Fix those bad actor bugs causing all those nasty alerts. Eventually the 95th percentile is too generous and you’ll lower it to to the 75th percentile (or third quartile if I’m getting my math concepts right). With the lower threshold will come more alerts. Fix those, rinse and repeat. Eventually you discover that you’ve triaged the system by cleaning up the most common errors first. Soon your machine data and email inbox will be readable because the spam of errors are gone!

BONUS Stage 6: IT Service Intelligence

I would be remiss if I didn’t mention the next step in this alerting story: IT Service Intelligence (or IT SI for short). IT SI takes alerting a step further in two ways (does that make this two steps further?):

  • Thresholds
  • Time Policies
  • Adaptive Thresholding

Let’s talk about them each real quick.

Thresholds add functionality so instead of the binar-ity (made up a word?) of alert or no alert, a given search (or KPI in this context) can be any number of statuses such as Healthy, Unhealthy, Sick, Critical, or Offline.
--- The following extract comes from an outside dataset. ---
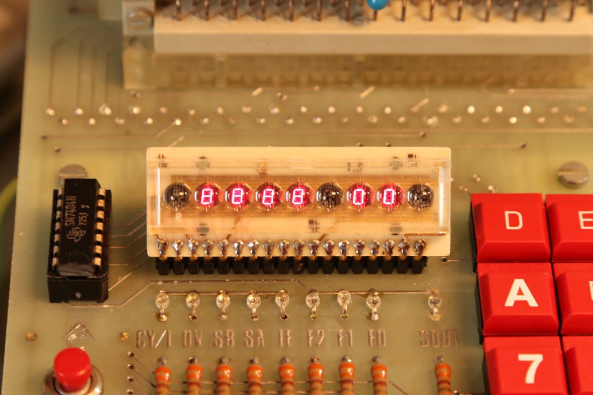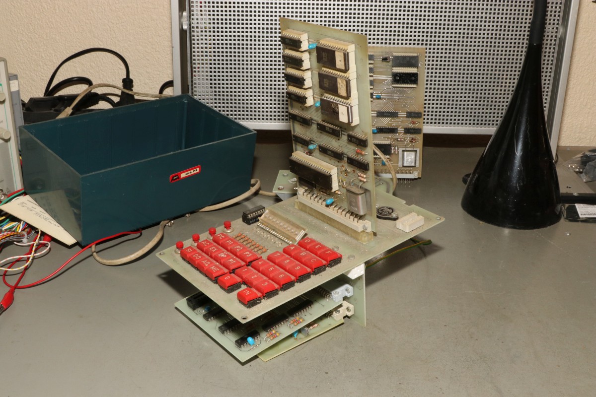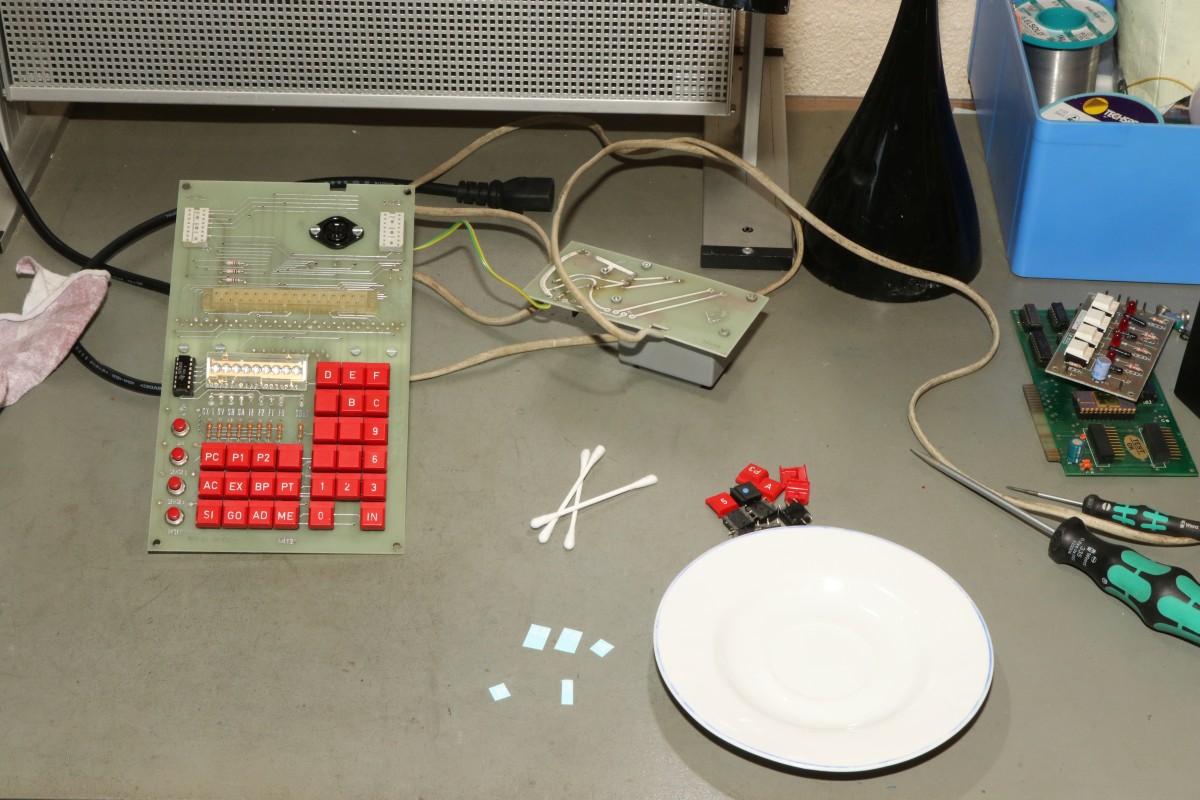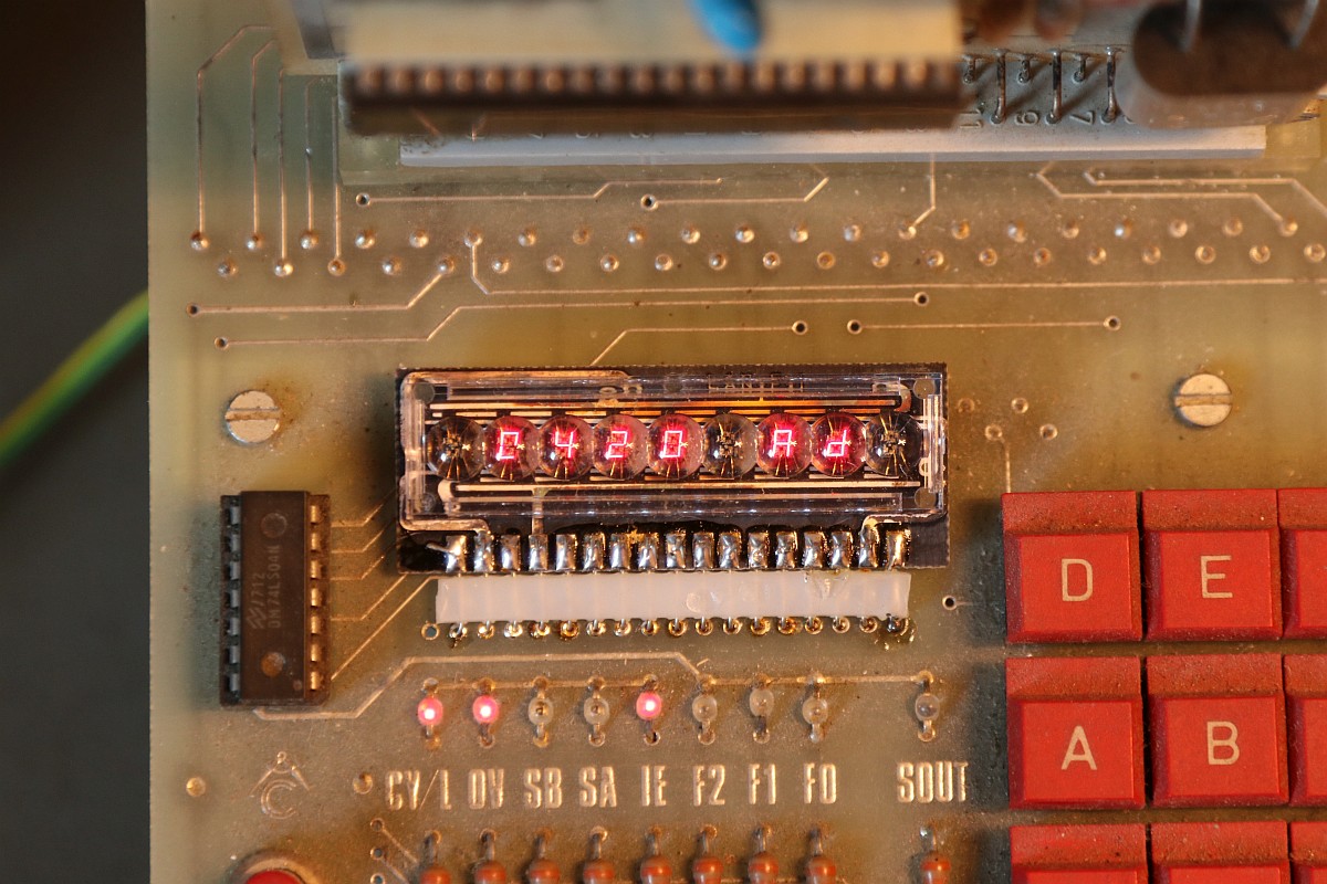 {Christiani SC/MP Komplettsystem} Über einen sehr freundlichen Kontakt ist mir endlich ein komplettes Christiani SC/MP System zugelaufen. Das habe ich mir schon lange gewünscht! Hier ist alles dabei, was man zum Betrieb braucht: Netzteil, CPU-Karte, Tastaturplatine und sogar ein Gehäuse... Die dicke Staubschicht verleiht dem Exponat einen ganz besonderen Retro-Charakter... RAMs und ROMs, wie wir sie schon (fast) von meiner separaten CPU-Platine kennen - Hier ist ein ROM mehr drauf, sollte das "P" womöglich auf zusätzliche Printer-Routinen hinweisen? Das Display ist eines dieser schönen Bubble-Displays - und äh... verstaubt. Und es fehlen Segmente... Die beiden CPU-Platinen sind fast gleich - zumindest sollte das eine Fehlersuche erleichtern.. So sieht die nackte Tastatur/Display-Platine aus.... Teko hat das Gehäuse hergestellt. Nicht schön, aber funktional. {Die inneren Werte} Langer Rede kurzer Sinn: der Computer funktioniert nicht. Auf dem Display fehlen Segmente und auf Tastendrucke gibt es keinerlei Reaktion. Der Christiani-Schaltplan ist ein Paradebeispiel, wie man es nicht macht. Mehrere Platinen sind auf verschiedenen Schaltplansegmenten verteilt, ICs sind nicht beschriftet... grausam. Heutzutage nennt man sowas "security by obscurity". Wir machen es so kompliziert, dass keiner mehr durchblickt. Einfach hingegen ist das Netzteil. Die überschaubare Leiterbahnführung erinnert mich an meine ersten Platinen mit diesem ätzresistenten Lackstift, der so herrlich gesund duftete. Aber das ist eine andere Geschichte.... Das ganze Konstrukt wird über eine Vielzahl an Steckverbindern und Drahtbrücken miteinander verbunden. Hier haben wir in hoher Auflösung die Cassettenrecorderplatine. Man konnte die gespeicherten Programme wohl auf Cassette abspeichern und wieder laden. Eine Doku dazu fehlt mir noch... Diese Platine hingegen bewerkstelligt den kompletten Adress-Decoder und bidirektionale Buspufferung. Warum das nicht direkt auf der Tastataturplatine war, erschließt sich mir nicht. Damit das ganze Machwerk auch miteinander funktionieren kann, gibt es diese Busplatine: Die führt dann über Kabel auch wieder zum Cassettenrecorderanschluss. Zur Tastatur/Display-Platine führen dann diverse Drahtbrücken. Ich bin ja der Meinung, das hätte man deutlich eleganter ausführen können. Vielleicht liest ja ein ehemaliger Christiani-Entwickler hier mit - auf ein Gespräch zum Thema würde ich mich sehr freuen! Diese Ansicht dient der Vollständigkeit, falls mal jemand die Verbindungen nachvollziehen will... Hier die rudimentäre Busplatine für Adresslogik und Cassettenkarte. {Displaytausch} Manchmal gibt es Zufälle... die fehlenden Segmente beim Bubble-Display habe ich für einen Defekt gehalten. Zufällig hat mir der Lieferant des Christiani-Systems auch einen defekten Taschenrechner mitgegeben, den ich mir mal näher angesehen habe... Er hat ein Bubble-Display (nicht staubig), das dem Christiani-Teil verblüffend ähnlich sieht. Die Taschenrechnerelektronik hat bereits den maximalen Cost-Reduction-Faktor erhalten. Ein IC muss genügen. Das Display geht noch, aber es gibt keine Reaktion auf Tastendrucke.... Das könnte daran liegen, dass die Knackfrösche bei diesem Produkt nur mit Klebeband an Position gehalten werden. Nach 40 Jahren klebt da nichts mehr und die Plättchen fliegen in der Gegend rum. Das ist nicht mehr reparabel und so dient der Rechner als Organspender. Das Taschenrechnerdisplay von hinten: Das Christiani-Display von hinten - sieht sehr ähnlich aus: Mit der Entlötpumpe sauber ausgelötet. Upps, das Taschenrechnerdisplay hat ein Pin zu wenig... Egal, wird schon nicht so wichtig sein. Und tatsächlich: es funktioniert! Bis auf die fehlenden Segmente. Dann lag es wohl doch nicht am Display. {Jetzt wird's logisch...} Folglich muss was an der Logik faul sein. Die CPU-Platine ist es nicht, ein Quertausch mit meiner zweiten CPU führt zum gleichen Verhalten - fehlende Segmente und keine Reaktion auf Tastendrucke. Auf der unteren Platine sind fiese bidirektionale Buffer drauf, die es kaum noch gibt: DS8834. In Griechenland gibt es noch ein paar... Raus... Rein... Manno, geht immer noch nicht... Diese Low-Pegel sehen nicht gut aus - da werde ich mal näher suchen müssen, wenn ich das unsägliche Christiani-Schaltbild verstanden habe. Never give up! Never surrender! {Manchmal sind es Kleinigkeiten...} Zum Beispiel selbstfabrizierte winzige Zinnbrücken... Und wenn man die dann entfernt, dann klappt's auch mit der Siebensegmentanzeige! Zumindest fast, weil dort nicht alle Segmente funktionieren.... Und dann kam, was kommen musste: mein Putzfimmel setzte ein. Die Exponate sollen so sauber wie möglich aussehen, dafür müssen sie dann auch schon mal Spüli und Bürste über sich ergehen lassen. Und danach mit dem temperaturgeregelten Heißluftfön schön trockenfönen... bei 150°C... Upps... Die empfindlichen Tastenkappen haben sich verzogen. Was für eine blöde Idee! Ein intensives Gefühl des Hasses auf mich selbst durchströmt mich kurzzeitig, dann sehe ich nach Ersatzmöglichkeiten. Die Shadow / ITT Digitast gibt es noch neu zu kaufen, aber leider nicht mehr mit der alten Mechanik. Neue Tasten haben jetzt Scharnierohren und sind nicht flach am Gehäuse eingeclipst... Ein freundlicher Forist aus dem Microcontrollerforum (ja, die gibt es dort auch!) hat Gottseidank sechs Stück alte rote Tasterkappen übrig. Die passen perfekt... Und sind dank der vom meinem KIM-1 Projekt übrigen Klebezahlen auch fix beschriftet! Ja, die Schriftgröße passt nicht zu 100%, so kann mich der Anblick aber immer zu zurückhaltenden Reinigungsmaßnahmen ermahnen! {Displayersatz} Ich hielt es für fast unmöglich, aber ein freundlicher Spender hatte noch einige Originaldisplays verfügbar. Alt aber ungebraucht. NSA 1198 - genau das richtige Teil! Diesem Teil habe ich glatt eine vergoldete Stiftleiste spendiert: Und alle Segmente funktionieren einwandfrei! Jetzt kann das Programmieren beginne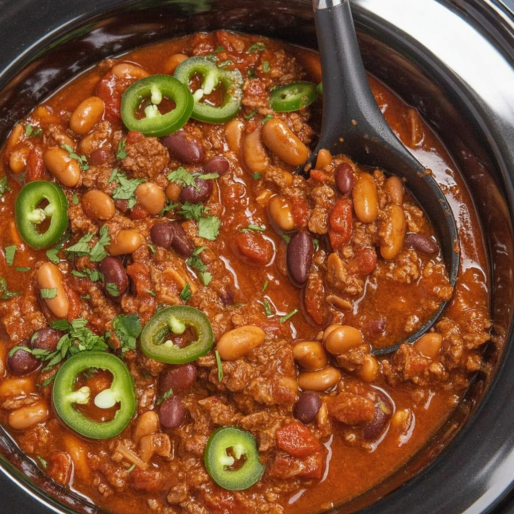 Brown the ground beef in a skillet until fully cooked, then drain the fat. Transfer it to the crock pot along with beans, tomatoes, onion, garlic, and all spices. Stir to combine and cover. Cook on low for 6–8 hours or high for 3–4 hours, allowing the flavors to develop beautifully. Stir occasionally to ensure even cooking. Before serving, taste and adjust seasoning as needed. Ladle into bowls, garnish with fresh jalapeños and cilantro, and serve warm with shredded cheese, sour cream, or cornbread on the side for a comforting family dinner.

Time Policies build on the challenge earlier in this post about busy hours versus quiet hours. It makes perfect sense to have different thresholds for different times of year, day vs night, or peak vs non-peak. That’s what Time Policies give you.

Lastly, Adaptive Thresholding builds on what we did with the percentile work. Within IT SI any KPI can be configured with static thresholds or thresholds that are indicative of the behavior of that data set over time. That means your thresholds adjust as your business adjusts – all in an easy to use UI.

Here’s some documentation on all those features in case you want to see what it looks like. ITSI has so much more in it, but this blog entry has already going on enough. http://docs.splunk.com/Documentation/ITSI/latest/Configure/HowtocreateKPIsearches#Create_a_time_policy_with_adaptive_thresholding

Stage 7: Actionable Alerts

This isn’t so much a stage like the prior ones. Merely a call out for you to enjoy the fact that your Splunk system now only alerts when something truly needs attention, i.e. Actionable Alerts.

Congratulations and get ready for your promotion.